Может, потому, что скоро все разрешилось. Натахиного мужика, известного в городе пьяницу, пырнул ножиком собутыльник, и с концами. А Натаха ж она что пичуга беззащитная, костюм Лехе сшила и запорола в расстройстве своем. Он на последнюю примерку к ней, а она ревет. Она ревет, а ему радостно и спокойно. Натаха ж она что ручеек летний, в жарком поле, среди засохшей травы. И мигом все у них сладилось, Ромку он усыновил, Светочка родилась вскоре. Думать и вовсе стало некогда. Четверо ребят у него на шее, голы они с Натахой как соколы, в квартире у нее шаром покати, у него и того нету. Все сверхурочные в цехе на Лехе Самохвалове, все оборудование до винтика он изучил, в слесаря перевели, а он еще каждую зиму, как разбегаются, испугавшись большого северного снега, дворники, кидал этот снег, но не так, как теперь, а с натугой, с потом, до ломоты в костях. И не была в тягость жизнь, ни прошлая, ни настоящая, на Светочку наглядеться не мог, а уж Натаха как его жалела. От безделья, что ли, в голову теперь все это лезет, сколько успел наворотить, напутать за неполных сорок-то лет, все оттого, что не знал никогда, для чего да зачем.
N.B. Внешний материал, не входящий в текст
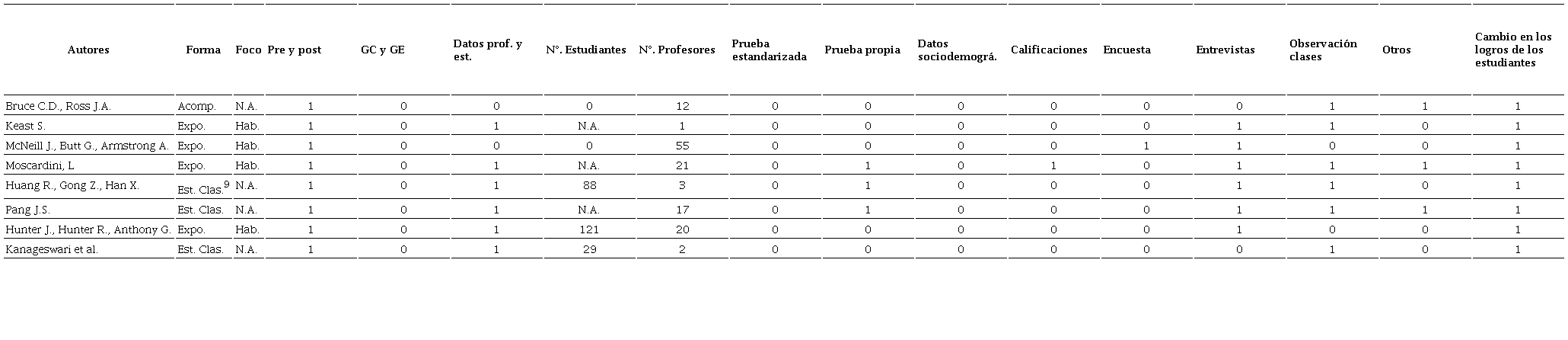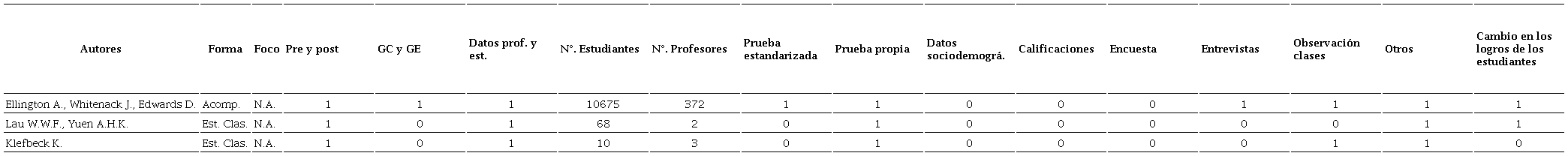 Por último, identificamos una tendencia clara hacia un tipo de diseño en común entre los tres artículos que utilizan métodos mixtos de investigación ya que, como es posible apreciar en la tabla 4, los estudios abarcan una cantidad totalmente opuesta de profesores y de estudiantes, a la vez que solo coinciden en un instrumento. Esto se podría deber a que la cantidad de trabajos es muy pequeña y no nos permite establecer aspectos recurrentes para la evaluación de los aprendizajes de los estudiantes ni el cambio de prácticas docentes.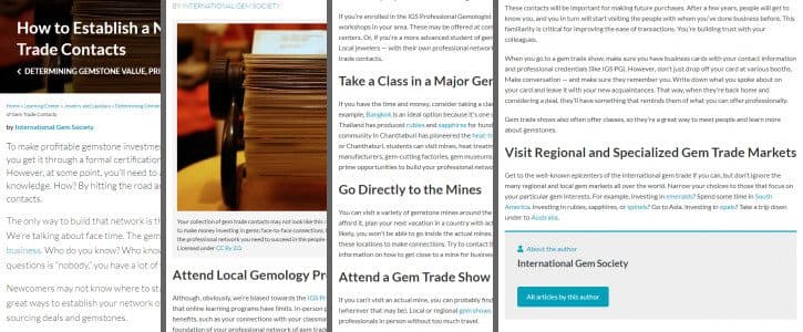 If you’re enrolled in the IGS Professional Gemologist course, look for gemology-focused weekend workshops in your area. These may be offered at community colleges, trade schools, or recreational centers. Or, if you’re a more advanced student of gemology, consider leading a workshop yourself. Local jewelers — with their own professional networks — may show up and add you to their gem trade contacts.

В таком вот виде, скрытом от всего внешнего мира, как ноющая в крепком снаружи нутре язва, оказался Леха следующим ранним утром на своем участке. Снегу за ночь навалило по колено, снег все сыпал и сыпал, делая неправдоподобно белым, плотным и одновременно невидимым этот белый свет. Сильный ветер дул с севера, неся на город вонючий дым комбината, метель скакала над дорогой, поднимала из сквера уже слежавшийся снег, несла его к Лехиному дому, стукалась в темные еще окна, закручивалась над дорогой в гигантские мохнатые сверла. И выло, выло что-то в сидящем на крыше небе, железно свистело, издевательски ухало.
— Леха-а! — слабо донеслось до него сквозь этот вой, свист и уханье.
Не оборачивается Леха, гребет.
— Тут он, тут, — уже явственно настигает его голос Галины.
Запыхавшийся Леха останавливается, сталкивает с мокрого лба шапку. Галина обходит его, становится перед раздвигай. А вслед за ней из снежной круговерти одна за другой проявляются женские фигуры, одна нелепее другой: кто в мужской ушанке, кто в лисьем треухе, кто повязанный до самых глаз толстой шалью, все кургузые, из-за больших неуклюжих телогреек, вязнут в снегу, спотыкаются, двоятся, троятся в заполненном снегом воздухе. Тут и политически образованная старуха, и хихикающая маленькая женщина, и баушка Сюзёва, пыхтя, как самовар, трет слепящиеся старые глаза.
— Чистишь, значит, дорогу, — сурово начинает Галина.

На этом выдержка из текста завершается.